Activity: From the material below, set down exactly the lines that run from the one containing "3.填写相关信息,点击底部的【报名成为蓝骑士】即可注册成为饿了么外卖骑手!" to the one containing "Boilies: Specially prepared", minus the pictures.

Study material:
———

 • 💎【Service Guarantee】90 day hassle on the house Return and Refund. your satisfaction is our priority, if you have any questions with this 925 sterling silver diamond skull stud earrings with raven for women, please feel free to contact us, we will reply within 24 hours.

———

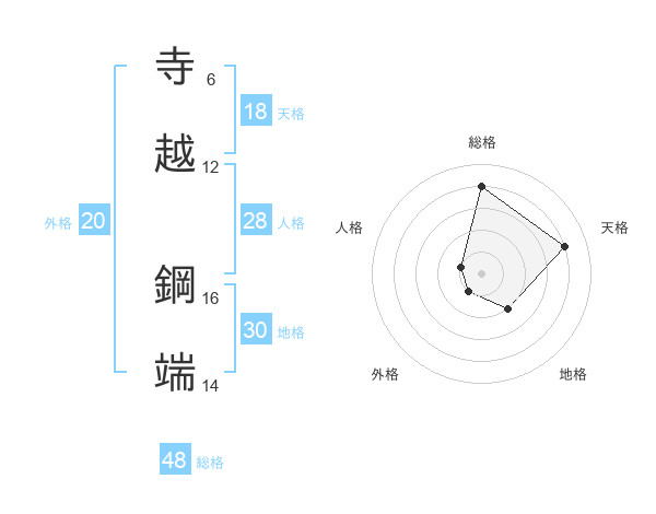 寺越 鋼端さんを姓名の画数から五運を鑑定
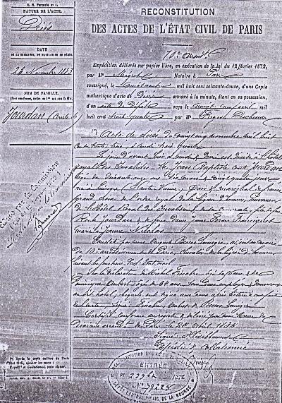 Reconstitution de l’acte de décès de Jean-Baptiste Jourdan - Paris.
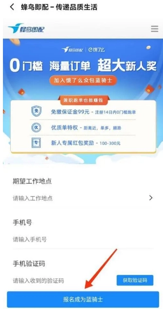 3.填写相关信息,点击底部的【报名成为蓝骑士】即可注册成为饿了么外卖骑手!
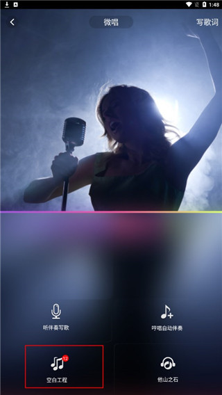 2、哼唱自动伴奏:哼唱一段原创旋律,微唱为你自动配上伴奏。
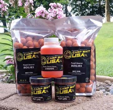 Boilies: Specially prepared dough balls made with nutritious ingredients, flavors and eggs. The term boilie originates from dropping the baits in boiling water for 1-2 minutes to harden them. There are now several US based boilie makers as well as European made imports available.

———

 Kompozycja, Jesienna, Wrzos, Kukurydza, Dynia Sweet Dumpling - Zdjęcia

———

Exercise output:
 3.填写相关信息,点击底部的【报名成为蓝骑士】即可注册成为饿了么外卖骑手!
 2、哼唱自动伴奏:哼唱一段原创旋律,微唱为你自动配上伴奏。
 Boilies: Specially prepared dough balls made with nutritious ingredients, flavors and eggs. The term boilie originates from dropping the baits in boiling water for 1-2 minutes to harden them. There are now several US based boilie makers as well as European made imports available.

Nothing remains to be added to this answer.